Biomarkers

Alzheimers Dement. 2025 Dec;21 Suppl 2:e098969. doi: 10.1002/alz70856_098969.

ABSTRACT

BACKGROUND: Plasma phosphorylated tau at threonine 217 (p-tau217) is an accurate biomarker for Alzheimer's pathology. Emerging data suggest that plasma p-tau217, especially when combined with Glial Fibrillary Acidic Protein (GFAP), predicts cognitive decline up to a decade before clinical onset. However, no studies have quantified its impact on both gray matter volume (GMV) atrophy and cognitive decline in CU individuals.

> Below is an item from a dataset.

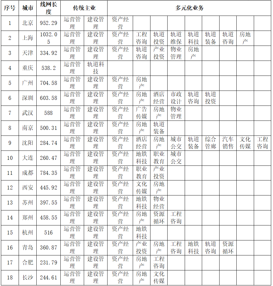 在资源禀赋、财务压力等因素影响下,城市轨道集团往往在成立之初,就开始了多元化的探索。拥有200公里运营里程的城市轨道集团公司的业务布局如下表所示:
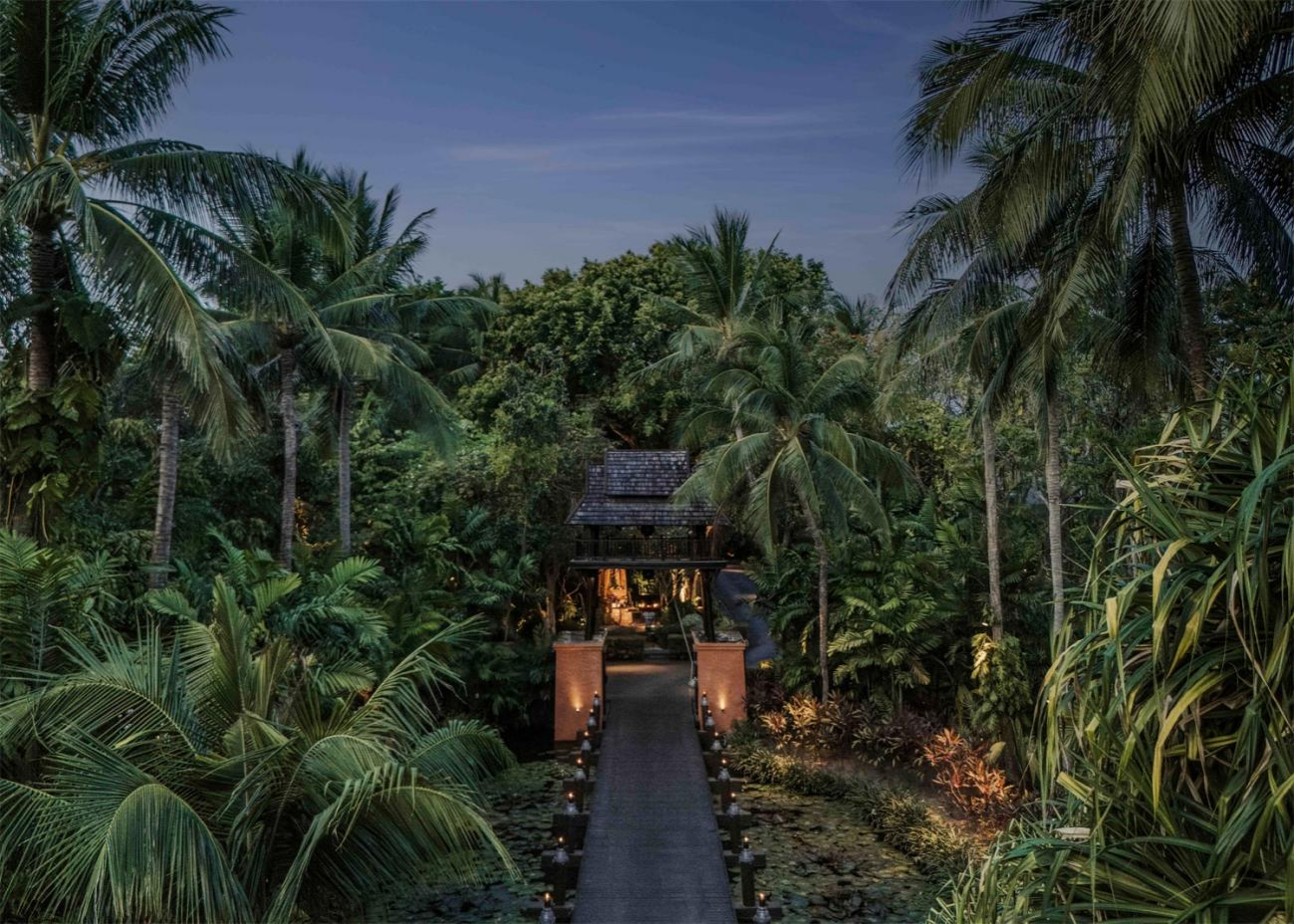 酒店所在位置曾是一片繁茂的椰子种植园。在此基础上,建筑大师比尔·本斯利(Bill Bensley)为其操刀设计了美轮美奂的园林景观,包括中央莲池和水疗花园。酒店建筑风格向泰国南部传统致敬,与之相得益彰的则是纯正殷切的泰式待客之道。

METHOD: We included 329 CU individuals from the ALFA+ study (mean age = 60.86; SD = 4.75) with baseline fluid biomarkers, longitudinal MRI and cognitive data (mean follow-up: 3.35 years; SD = 0.53). The impact of plasma p-tau217 on GMV changes and episodic memory (EM) decline, assessed via the Free and Cued Selective Reminding Test (FCSRT), was examined. Plasma GFAP and neurofilament light chain (NfL) were quantified using the GFAP Discovery and NF-light Advantage commercial kits, respectively. Plasma Ab42/40 was measured with the commercial Neurology 4-Plex E Advantage Kit, and plasma p-tau217 with the MesoScale Discovery platform (MSD) by Eli Lilly and Company. Brain atrophy was measured using SPM longitudinal registration, with results significant at p < 0.005 (cluster extent: 100 voxels). EM decline was modeled with linear mixed-effects models with random intercepts, adjusted for baseline age, sex, education, APOE-ε4, Aβ42/40, and NfL. Plasma p-tau217 and GFAP interaction effects were also tested.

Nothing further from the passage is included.